Data for processing:

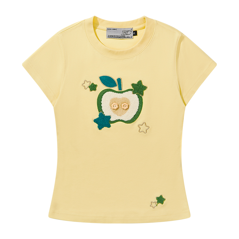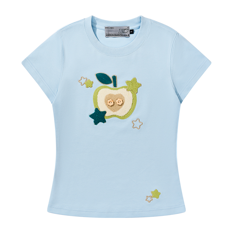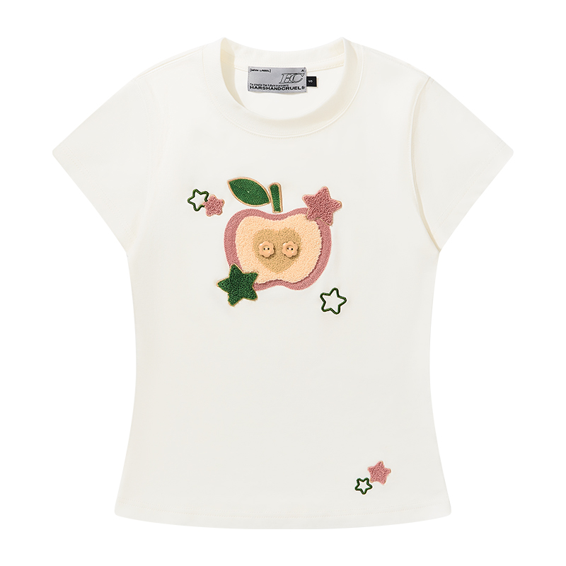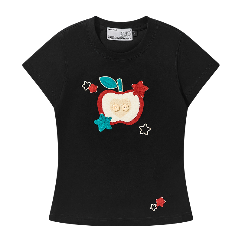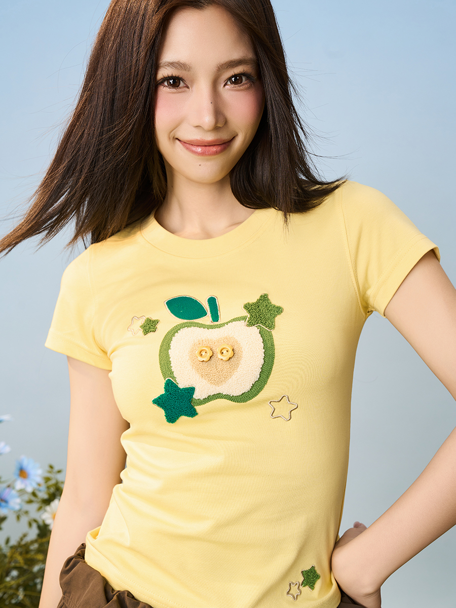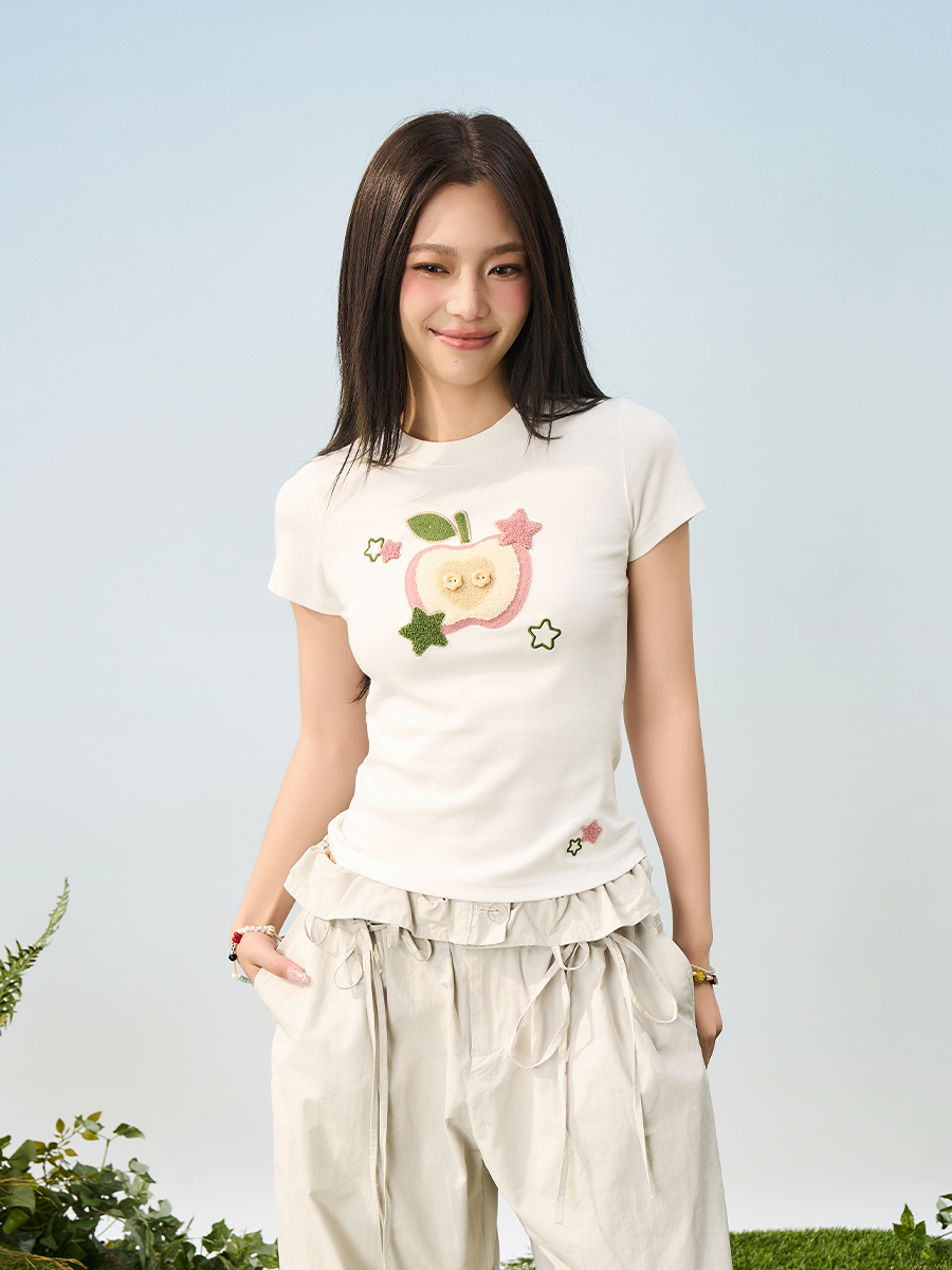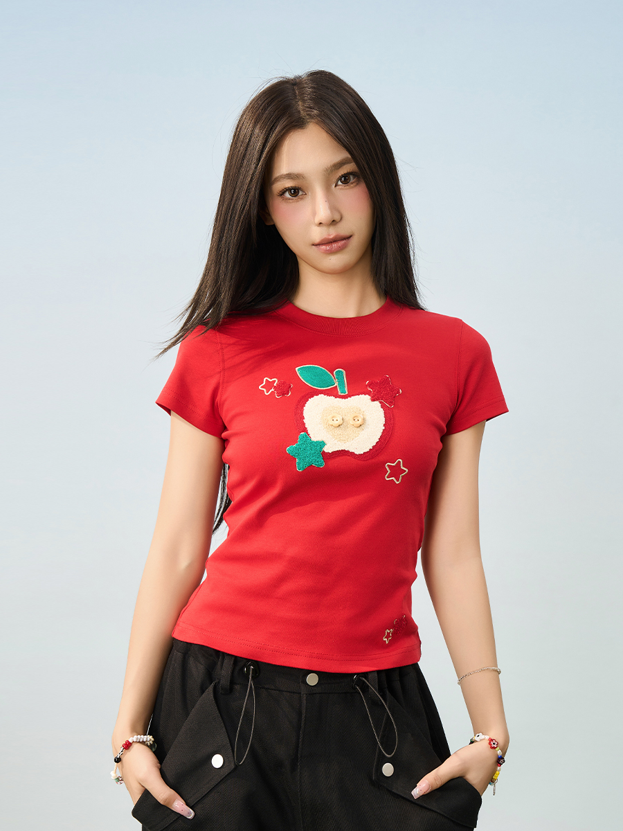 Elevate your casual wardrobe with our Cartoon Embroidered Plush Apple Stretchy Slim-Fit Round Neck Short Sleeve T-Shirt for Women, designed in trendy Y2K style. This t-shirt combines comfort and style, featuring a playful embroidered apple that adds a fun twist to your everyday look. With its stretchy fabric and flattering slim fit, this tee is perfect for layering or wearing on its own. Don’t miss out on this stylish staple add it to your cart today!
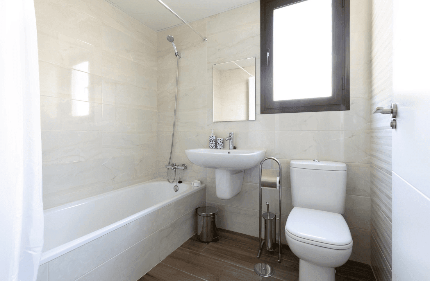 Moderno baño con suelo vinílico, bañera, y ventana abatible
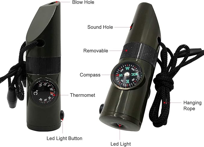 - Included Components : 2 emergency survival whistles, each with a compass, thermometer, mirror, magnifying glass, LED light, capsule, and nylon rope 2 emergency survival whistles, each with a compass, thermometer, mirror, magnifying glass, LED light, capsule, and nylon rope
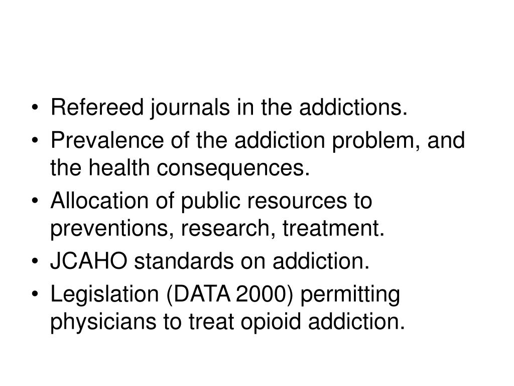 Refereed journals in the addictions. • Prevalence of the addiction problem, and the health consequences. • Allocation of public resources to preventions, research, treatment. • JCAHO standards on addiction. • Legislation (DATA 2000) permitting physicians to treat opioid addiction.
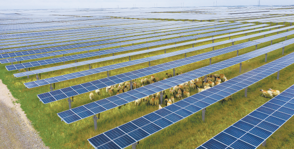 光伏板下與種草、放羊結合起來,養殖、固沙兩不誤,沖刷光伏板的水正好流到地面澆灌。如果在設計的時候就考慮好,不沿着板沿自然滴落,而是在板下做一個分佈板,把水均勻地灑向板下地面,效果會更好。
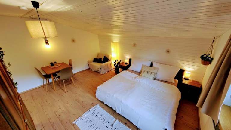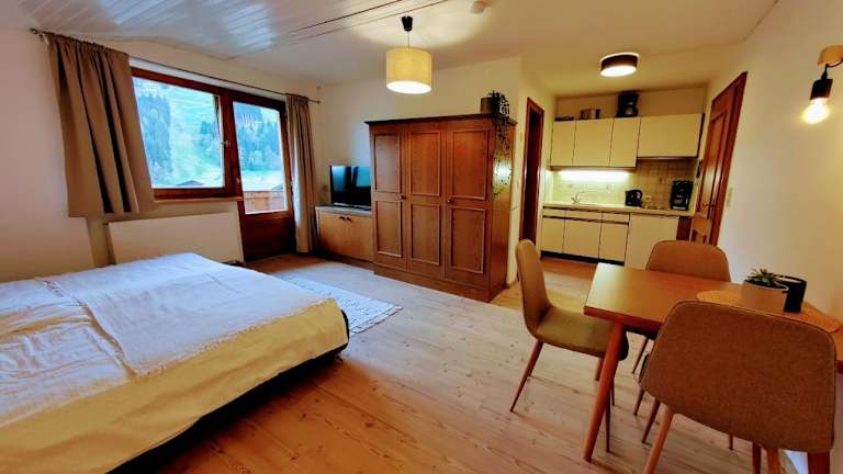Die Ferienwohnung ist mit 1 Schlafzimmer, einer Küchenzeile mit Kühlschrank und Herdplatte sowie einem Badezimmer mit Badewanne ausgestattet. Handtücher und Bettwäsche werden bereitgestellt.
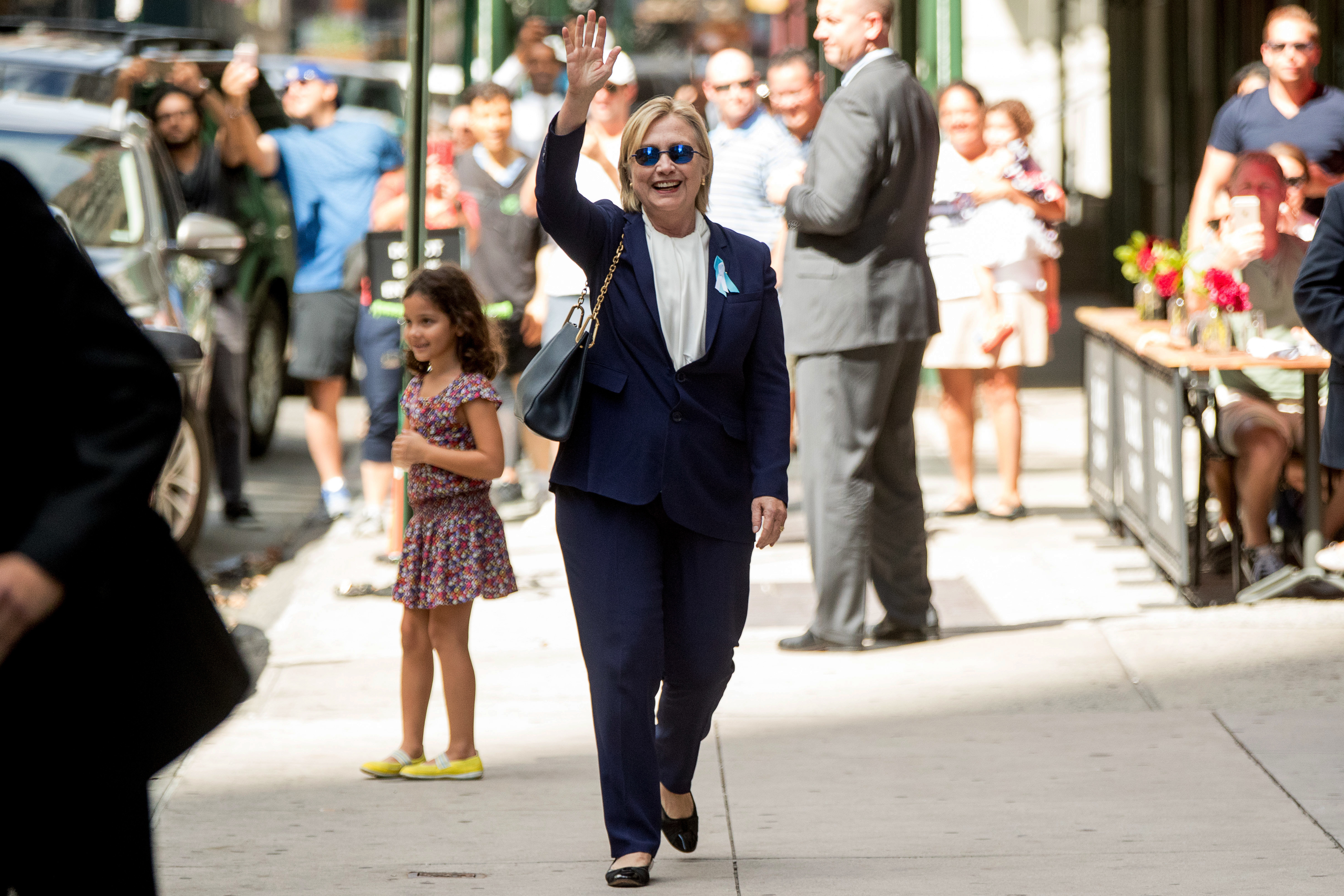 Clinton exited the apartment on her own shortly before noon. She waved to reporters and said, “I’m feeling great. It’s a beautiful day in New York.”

* * *

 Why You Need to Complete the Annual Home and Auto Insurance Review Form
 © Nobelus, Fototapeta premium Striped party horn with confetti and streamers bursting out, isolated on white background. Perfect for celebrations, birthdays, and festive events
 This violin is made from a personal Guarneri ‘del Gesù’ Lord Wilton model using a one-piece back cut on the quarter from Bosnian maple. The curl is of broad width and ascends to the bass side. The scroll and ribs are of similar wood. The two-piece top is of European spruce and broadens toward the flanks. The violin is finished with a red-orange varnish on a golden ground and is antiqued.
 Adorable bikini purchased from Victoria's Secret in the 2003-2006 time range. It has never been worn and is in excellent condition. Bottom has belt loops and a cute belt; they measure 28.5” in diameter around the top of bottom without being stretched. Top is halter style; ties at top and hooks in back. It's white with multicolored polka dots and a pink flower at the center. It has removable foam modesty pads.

Problem description:
The word to find is "white". Copy every line of the data that holds it.

Task result:
 © Nobelus, Fototapeta premium Striped party horn with confetti and streamers bursting out, isolated on white background. Perfect for celebrations, birthdays, and festive events
 Adorable bikini purchased from Victoria's Secret in the 2003-2006 time range. It has never been worn and is in excellent condition. Bottom has belt loops and a cute belt; they measure 28.5” in diameter around the top of bottom without being stretched. Top is halter style; ties at top and hooks in back. It's white with multicolored polka dots and a pink flower at the center. It has removable foam modesty pads.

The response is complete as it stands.